I'd look for another therapist. With the therapeutic relationship being dependent on both the therapist being emotionally available to each other, I'd take your therapist's comments to have 'helpful intention'; good of them to be honest. Therapist's don't 'have to' work with anyone. They are held, ethically, to making referrals, when they don't think that they can do job. As difficult as it is, I'd find someone else. Otherwise it can get into a power struggle.
 
I'd look for another therapist. With the therapeutic relationship being dependent on both the therapist being emotionally available to each other, I'd take your therapist's comments to have 'helpful intention'; good of them to be honest. Therapist's don't 'have to' work with anyone. They are held, ethically, to making referrals, when they don't think that they can do job. As difficult as it is, I'd find someone else. Otherwise it can get into a power struggle
 
Oh, correction taken. Sometimes it takes a lot for a therapist to be so direct, with their opinion. And, I agree, it is not their job to tell you what to do,with your life. Do what you think is best!
 
My relationship is like walking a wire, I told my therapist to quit telling me to look up from the wire, stop telling me to just fall into the net, I only get to be here on this wire if I stay alert to it and I don't need the distractions right now. The metaphore got the point across, you might have a similar discussion with your t.
 
I would not leave the therapist just because you disagree with one opinion of theirs. I don't think any therapist and client always agree on everything - and if they did, one of them is lying either to them self or the other person.
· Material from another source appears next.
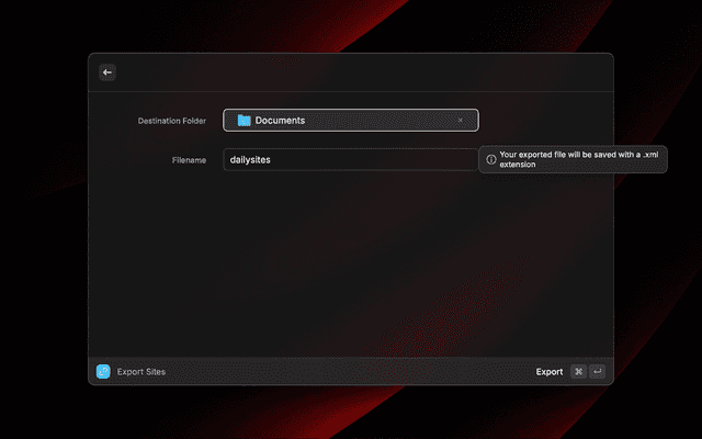 The first time you open the extension you will be asked to choose an XML folder, this defaults to your Documents folder. This folder is used by the “Export Sites” and “Import Sites” commands. It’s where exported XML files are saved and the default import directory.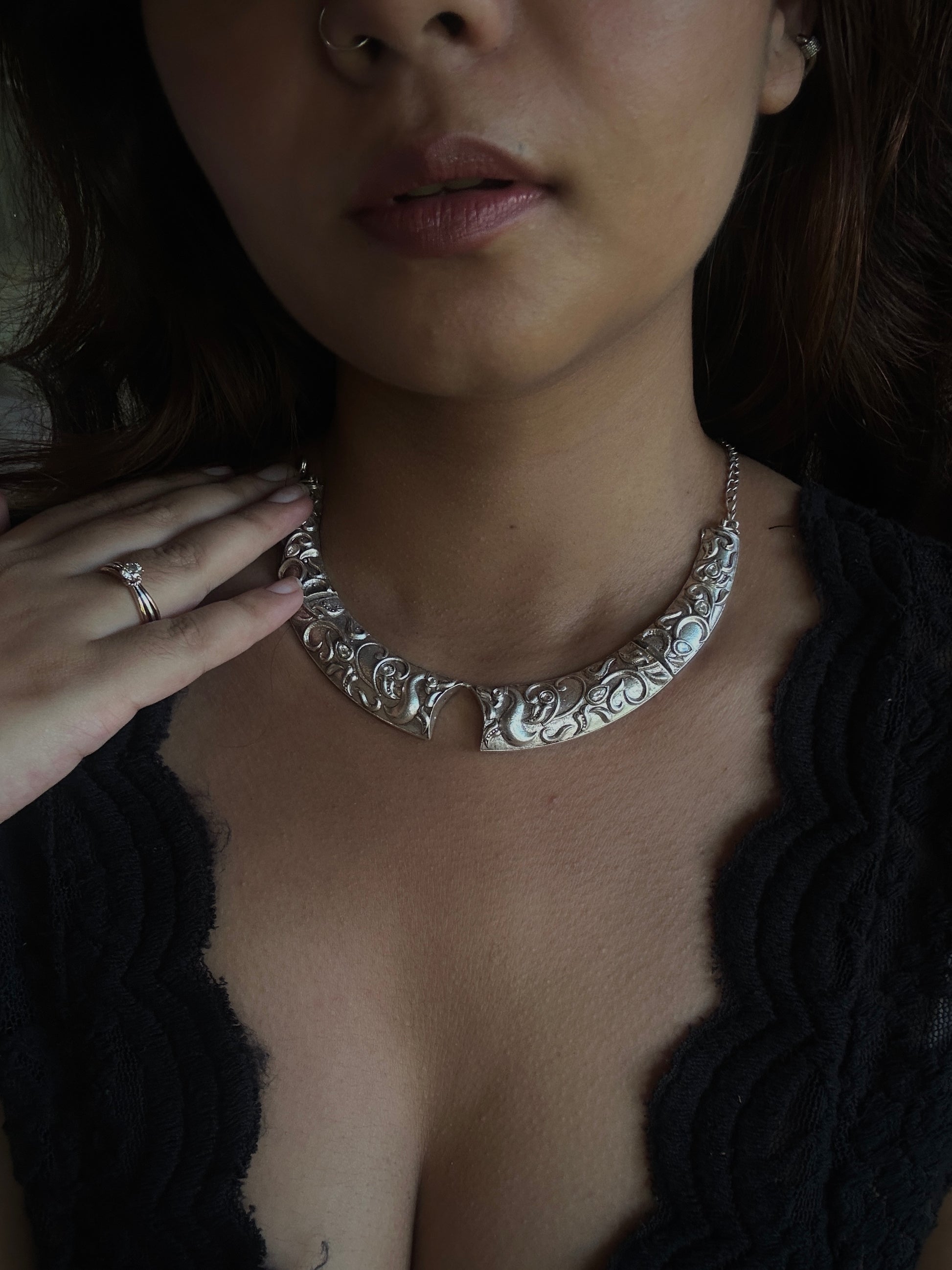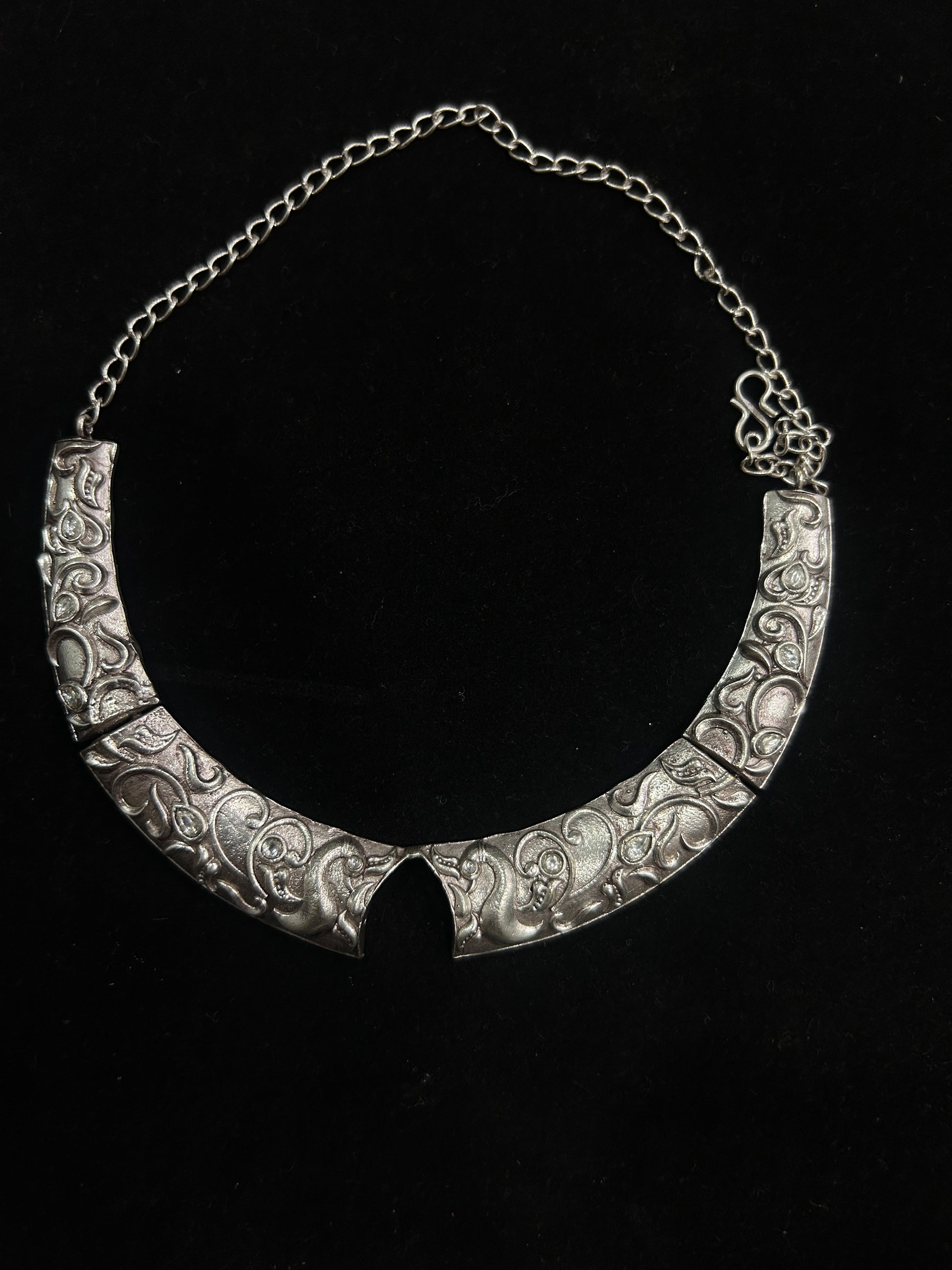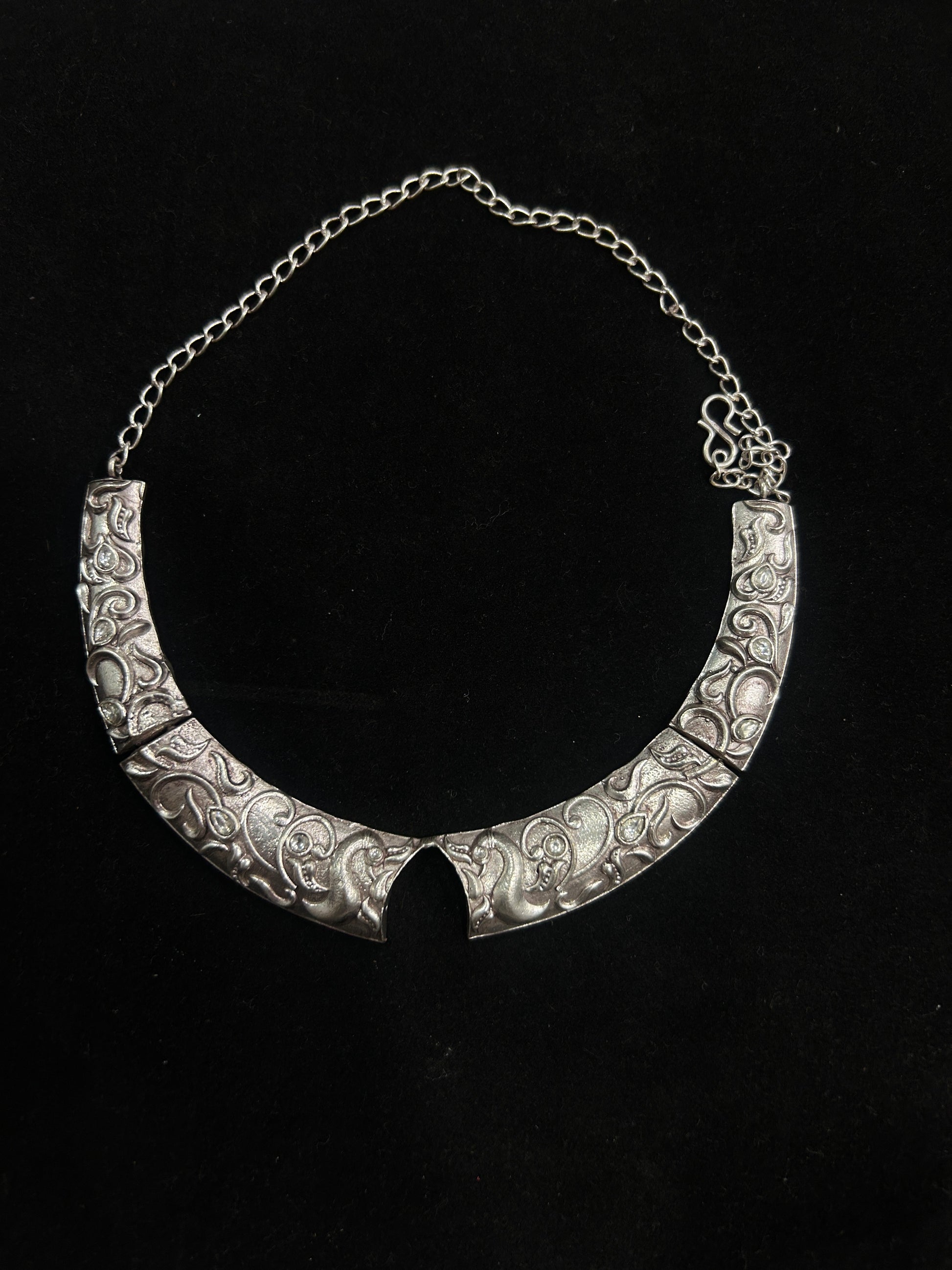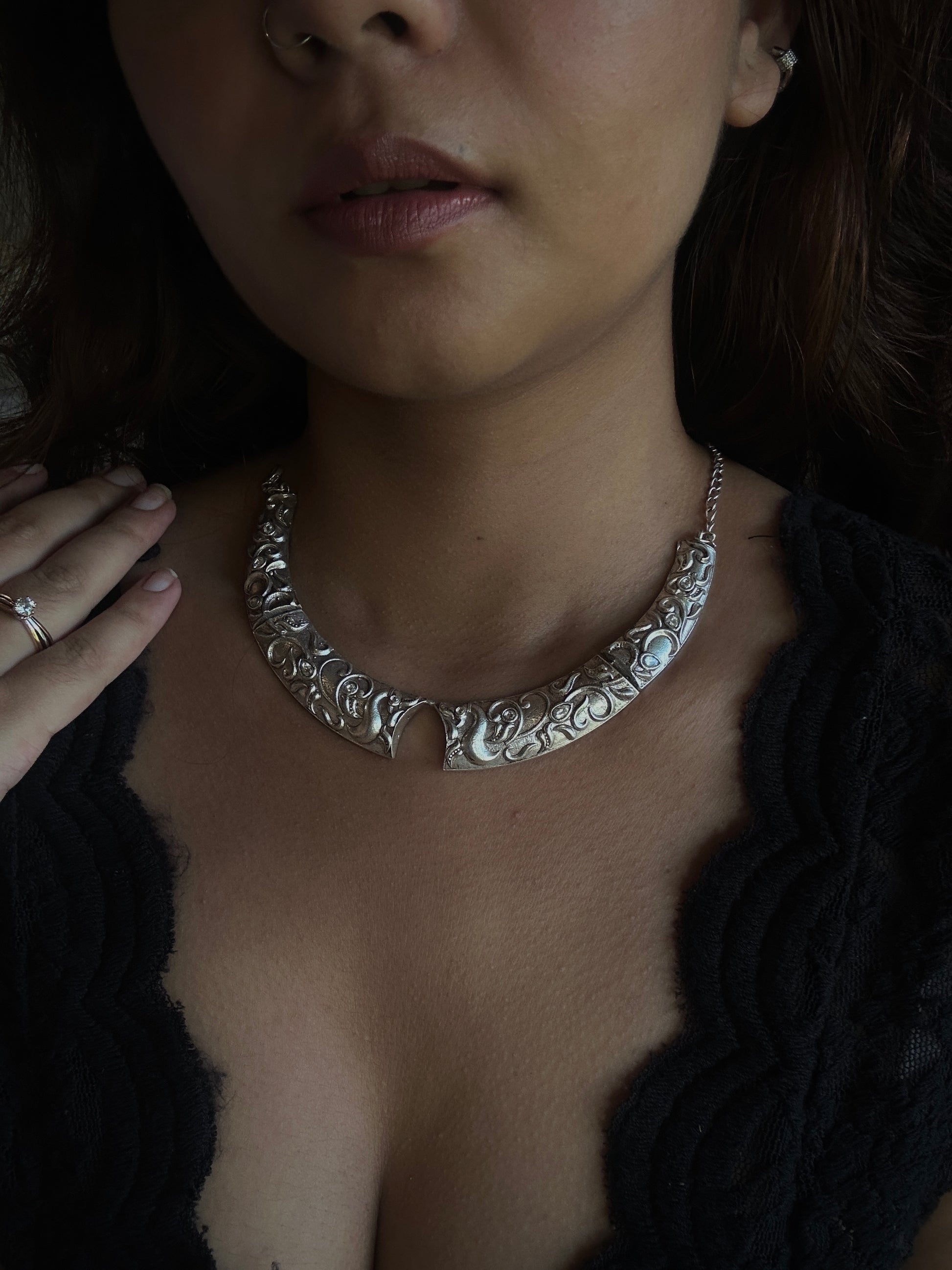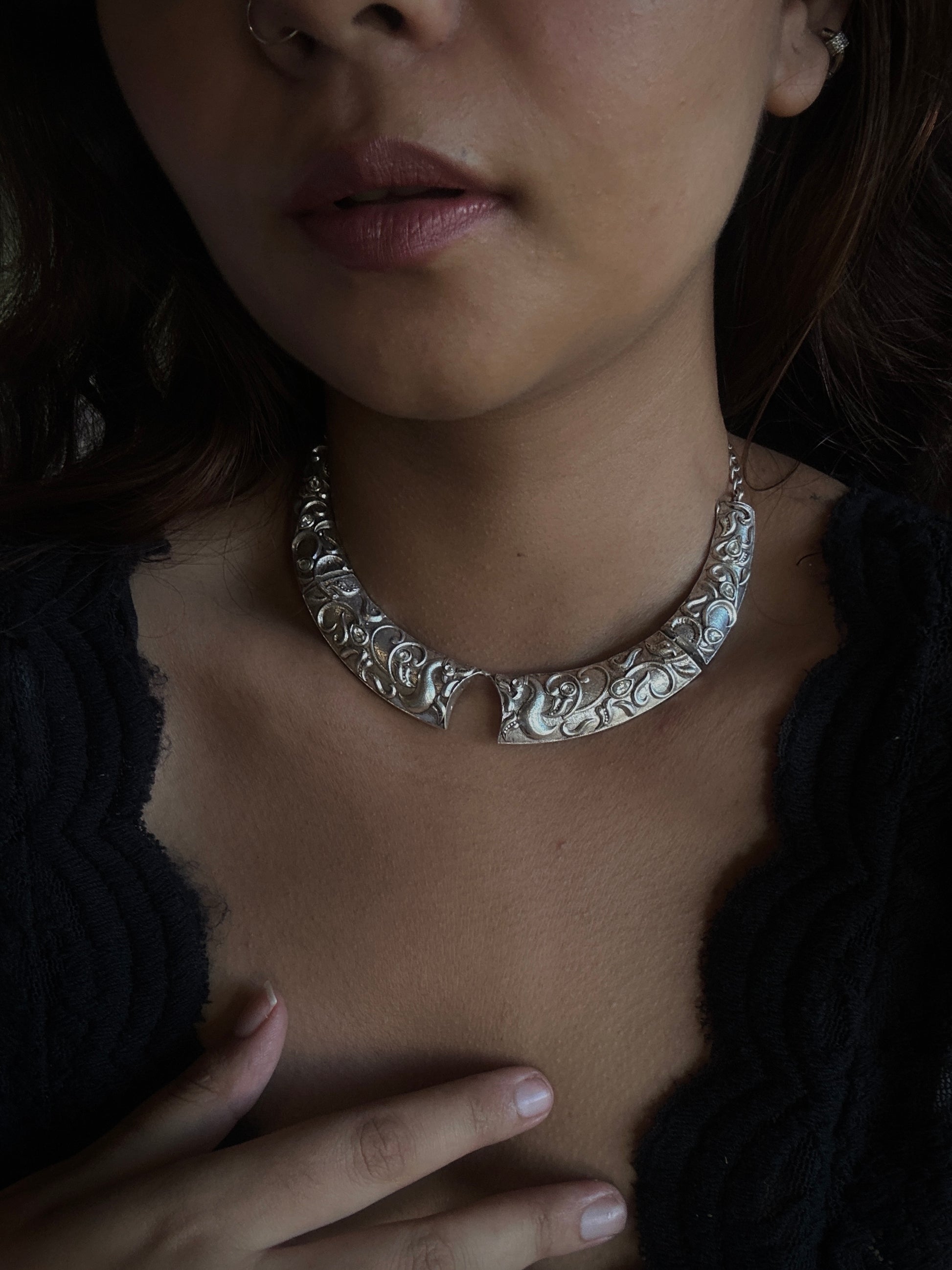 The Prakritika hasli is a captivating and spiritually rich piece of jewelry, designed to embody the beauty of nature, divine grace, and the elegance of traditional Indian craftsmanship. The name Prakritika is derived from the Sanskrit word Prakriti, meaning "nature" or "the natural world," and it reflects the deep connection between the divine and the earth's lush, flourishing beauty.

So no, I would not let this be an excuse to run away from this therapist.
 
We're ALL emotionally unavailable to an extent!!! So I guess no sufferer deserves a partner? She shouldnt be telling you to leave him.
 
We don't have enough info. Perhaps the original poster is seeing only what he/she wants to see, and is not seeing the big picture that the therapist is seeing, and is neither describing all of the details that lead the therapist to issue such a statement.